• **About this exercise**
What you return must be the exact lines of the material below, from the first through the one that has "Évente három generációja", with no pictures and, please, nothing else.

• **Data extract**

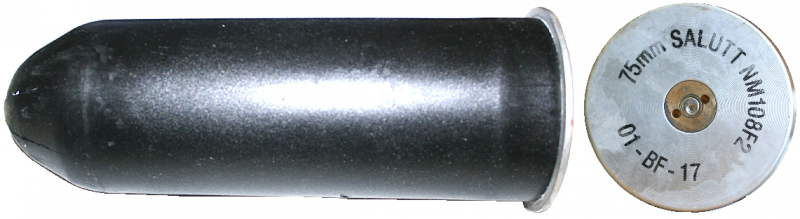 Sie bieten auf eine Salutpatronenhülse Kaliber 75 mm. Die Hülse besteht aus schwarzem Kunststoff mit Aluminiumboden. Die Patrone ist abgeschossen und frei von allen Gefahrenstoffen.Weiteres siehe Fotos, sie zeigen den Gegenstand dieser Auktion. Privatverkauf aus Sammlungsauflösung.
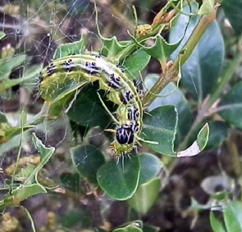 Évente három generációja fejlődik ki. Fő gazdanövénye a bukszus, de a Buxus nemzetség egyéb fajain is előfordulhat. Egy generáció a hőmérséklettől függően két hónap alatt fejlődik ki. Az utolsó lárvanemzedék a vegetációs időszak végén bábbá alakul, amely a lombban rejtőzködve telel át.
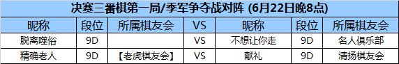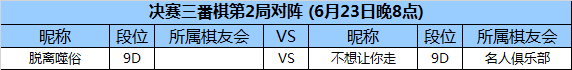 第九轮 9月25日 (周1)20:00 (决赛三番棋次轮)
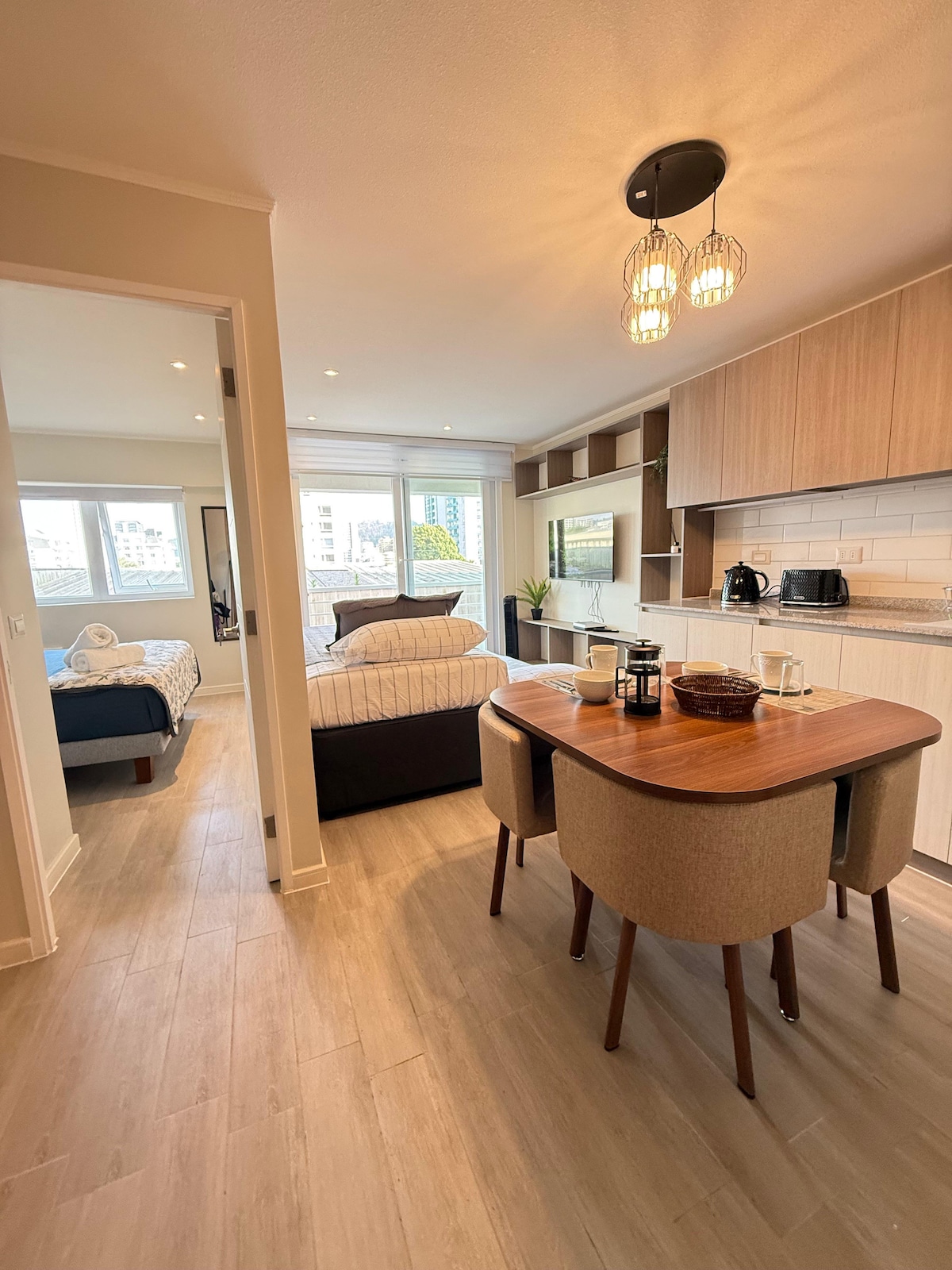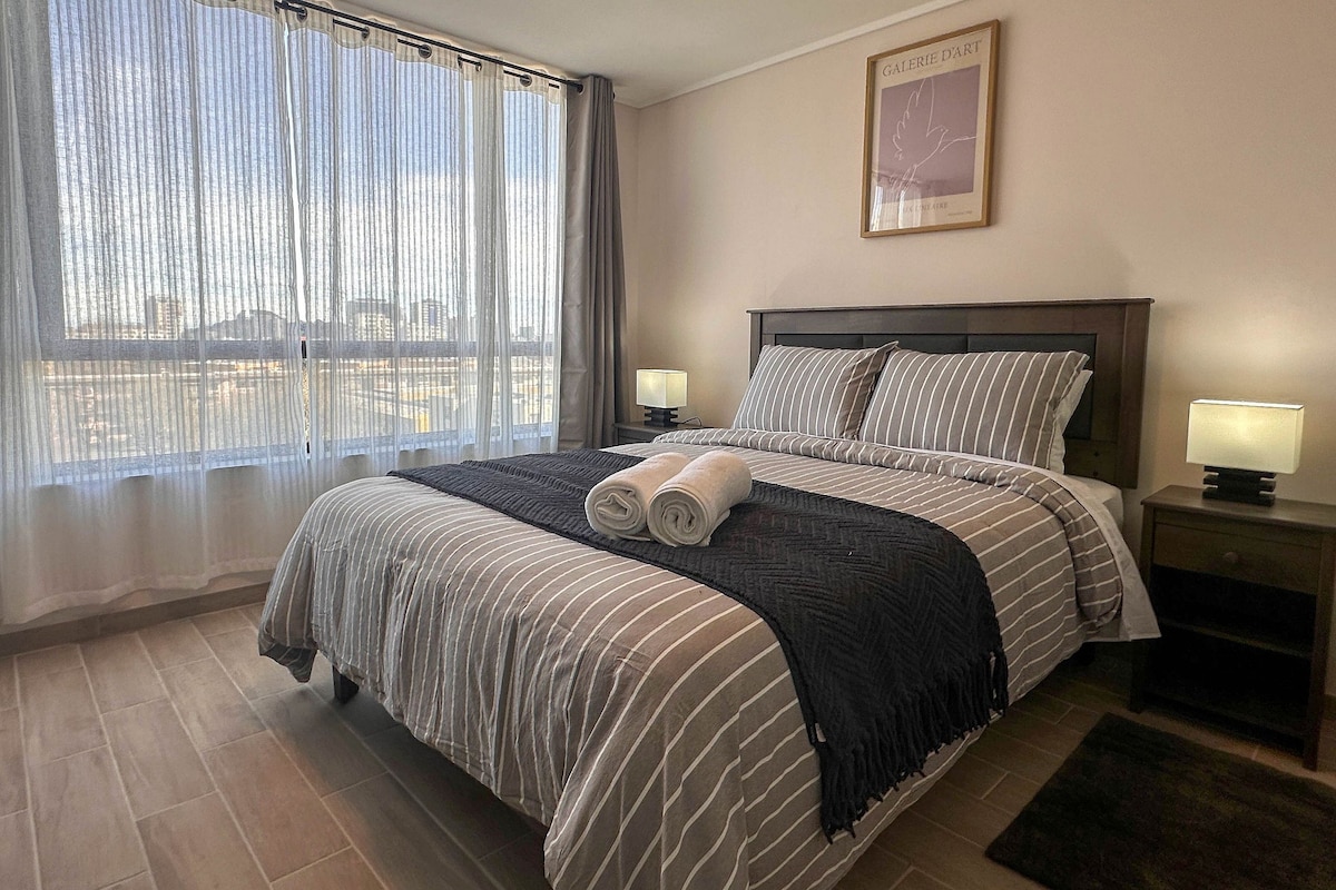 Moderno y tranquilo departamento en pleno centro de Concepción. Cuenta con cama de dos plazas, cocina equipada, wifi rápido y baño privado. Ideal para descansar, trabajar o estudiar. Ubicación perfecta: cerca de supermercados, restaurantes, parques y la Universidad de Concepción. Un espacio cómodo, seguro y acogedor para tu estadía.

• **Task answer**
 Sie bieten auf eine Salutpatronenhülse Kaliber 75 mm. Die Hülse besteht aus schwarzem Kunststoff mit Aluminiumboden. Die Patrone ist abgeschossen und frei von allen Gefahrenstoffen.Weiteres siehe Fotos, sie zeigen den Gegenstand dieser Auktion. Privatverkauf aus Sammlungsauflösung.
 Évente három generációja fejlődik ki. Fő gazdanövénye a bukszus, de a Buxus nemzetség egyéb fajain is előfordulhat. Egy generáció a hőmérséklettől függően két hónap alatt fejlődik ki. Az utolsó lárvanemzedék a vegetációs időszak végén bábbá alakul, amely a lombban rejtőzködve telel át.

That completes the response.